Exporting Kibana 5.x dashboards

To export only some Kibana dashboards for an Elastic Beat or community Beat, you can simply pass a regular expression to the export_dashboards.py script to match the selected Kibana dashboards.

Before running the export_dashboards.py script for the first time, you need to create an environment that contains all the required Python packages.

make python-env

For example, to export all Kibana dashboards that start with the Packetbeat name:

python ../dev-tools/cmd/dashboards/export_dashboards.py --regex Packetbeat*

To see all the available options, read the descriptions below or run:

python ../dev-tools/cmd/dashboards/export_dashboards.py -h
--url <elasticsearch_url>

The Elasticsearch URL. The default value is http://localhost:9200.

--regex <regular_expression>

Regular expression to match all the Kibana dashboards to be exported. This argument is required.

--kibana <kibana_index>

The Elasticsearch index pattern where Kibana saves its configuration. The default value is .kibana.

--dir <output_dir>

The output directory where the dashboards and all dependencies will be saved. The default value is output.

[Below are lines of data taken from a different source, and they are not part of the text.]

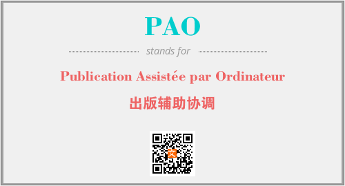 上述内容是“Publication Assistée par Ordinateur”作为“PAO”的缩写,解释为“出版辅助协调”时的信息,以及英文缩略词PAO所代表的英文单词,其对应的中文拼音、详细解释以及在英文中的流行度和相关分类、应用领域及应用示例等。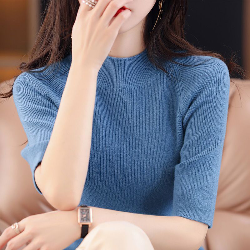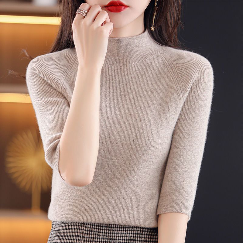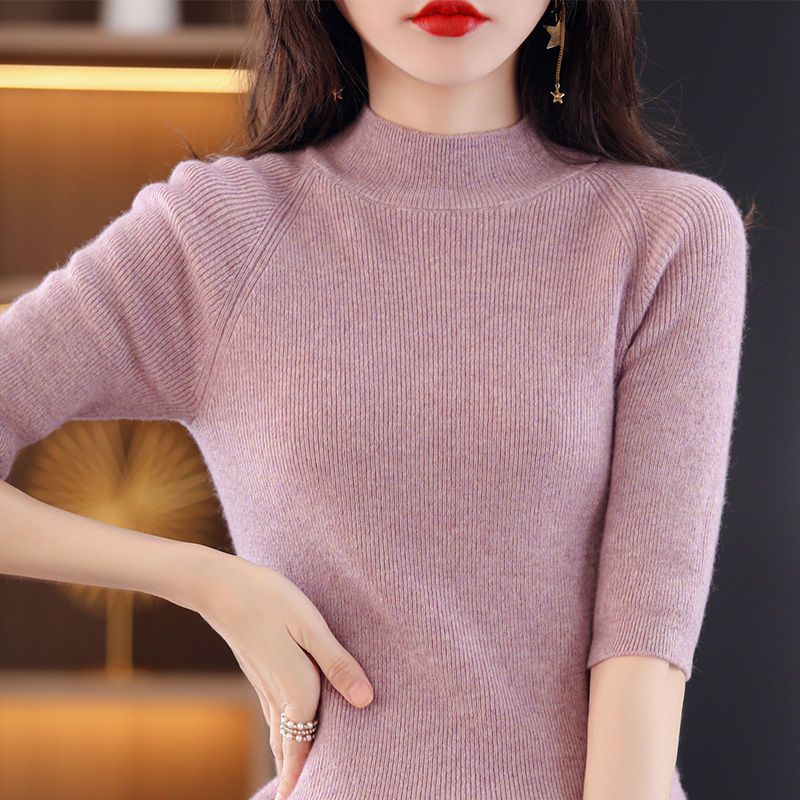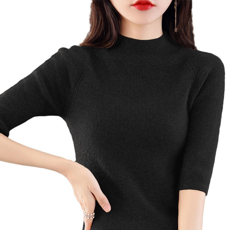 Иностранный костюм с пятью рукавами в тонком рукаве с полувысоким воротником вязаный свитер нижний свитер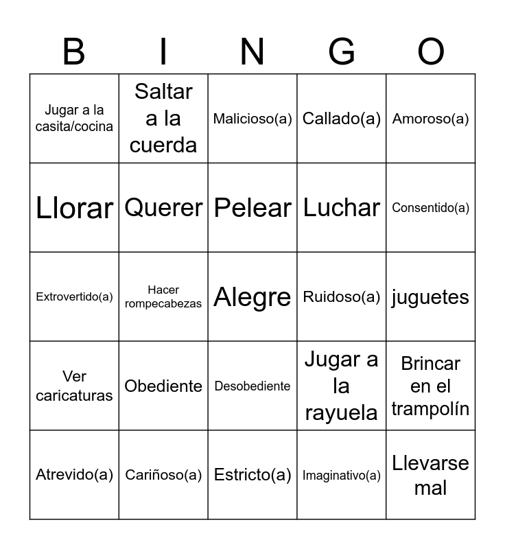 This bingo card has 44 words: Free!, Alegre, Amable, Atrevido(a), Curioso(a), Imaginativo(a), Malicioso(a), Considerado(a), Amoroso(a), Cariñoso(a), Callado(a), Ruidoso(a), Desobediente, Obediente, Tímido(a), Estricto(a), Flexible, Extrovertido(a), Introvertido(a), Consentido(a), Saltar a la cuerda, Coleccionar animales de peluche, Jugar juegos de mesa, Jugar a la casita/cocina, Jugar con muñecas, juguetes, Jugar al pilla pilla, Jugar al escondite o las escondidas, Jugar a la rayuela, Ver caricaturas, Columpiarse, Brincar en el trampolín, Patinar, Subirse a los árboles, Hacer rompecabezas, Colorear, Llevarse bien, Llevarse mal, Pelear, Llorar, Luchar, Amar, Querer and Odiar.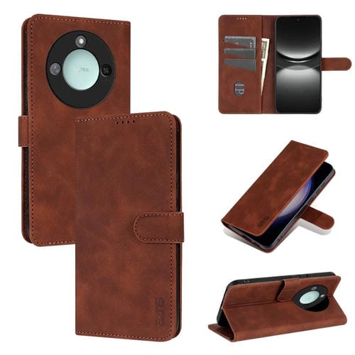 Funda de Piel con Tapa y Textura de Piel de Becerro para Honor X60 Azns (Marrón)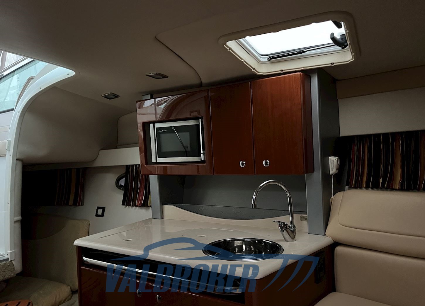Историческая американская верфь, синоним качества и скорости!! Спортивный, но удобный, учитывая ширину 3,30 м. Высококачественный материал для сборки. Прочный и безопасный. Двигатели 2x V8 496 Mercruiser бензиновый. Спальные места 4 и санузел. Оборудован кондиционером горячего/холодного воздуха, радаром. Единственный владелец.

The output directory has the following structure:

output/
    index-pattern/
    dashboard/
    visualization/
    search/

Archiving Your Beat Dashboards

The Kibana dashboards for the Elastic Beats are saved under the kibana directory. To create a zip archive with the dashboards, including visualizations and searches and the index pattern, you can run the following command in the Beat repository:

make package-dashboards

The Makefile is part of libbeat, which means that community Beats contributors can use the commands shown here to archive dashboards. The dashboards must be available under the kibana directory.

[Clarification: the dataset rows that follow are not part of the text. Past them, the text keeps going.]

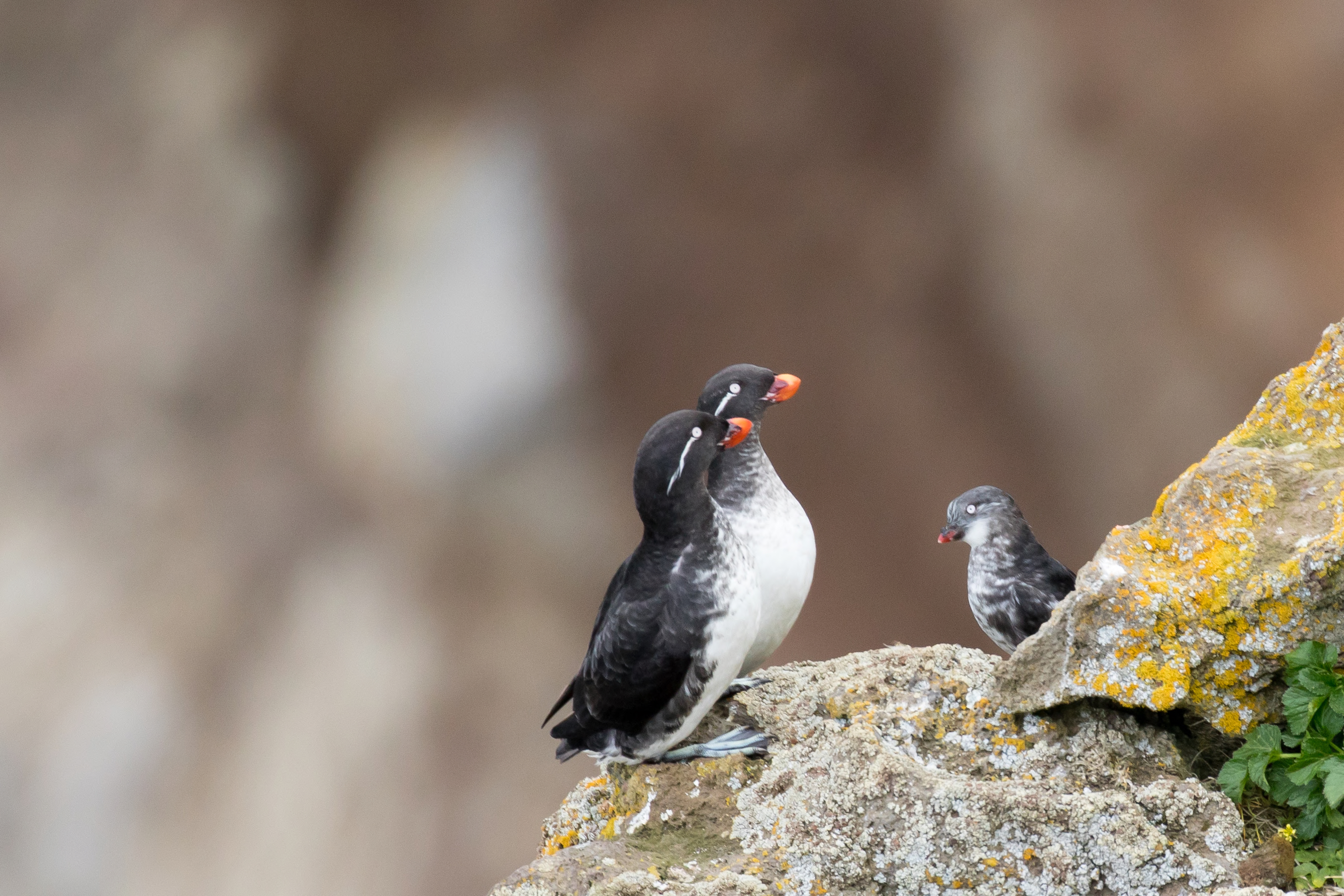 Parakeet auklet. Nests on sea cliffs. Parakeet auklet found in cold ocean waters in summer, but may move into more temperate seas in winter.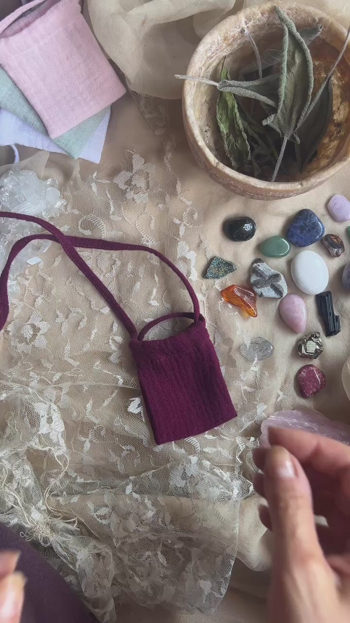 Our handmade crystal pouches gently hold the energy of your stones, herbs, and small treasures near your heart, bringing you ease and connection, whether for support, balance, or as a gently reminds you of the beauty of your personal journey.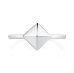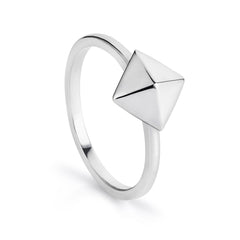 A geometric, stack-able ring, made by Karl Karter. The silver pyramid ring interlocks with itself, the mini nucleus rings as well as plain or eternity bands. Mix metal finishes, shapes and even add stones to personalise your pieces. This ring is hand-made in our London Rocks Workshop, below our shop in Hatton Garden.

Another option would be to create a repository only with the dashboards, and use the GitHub release functionality to create a zip archive.

Share the Kibana dashboards archive with the community, so other users can use your cool Kibana visualizations!

Sharing Your Beat Dashboards

When you’re done with your own Beat dashboards, how about letting everyone know? You can create a topic on the Beats forum, and provide the link to the zip archive together with a short description.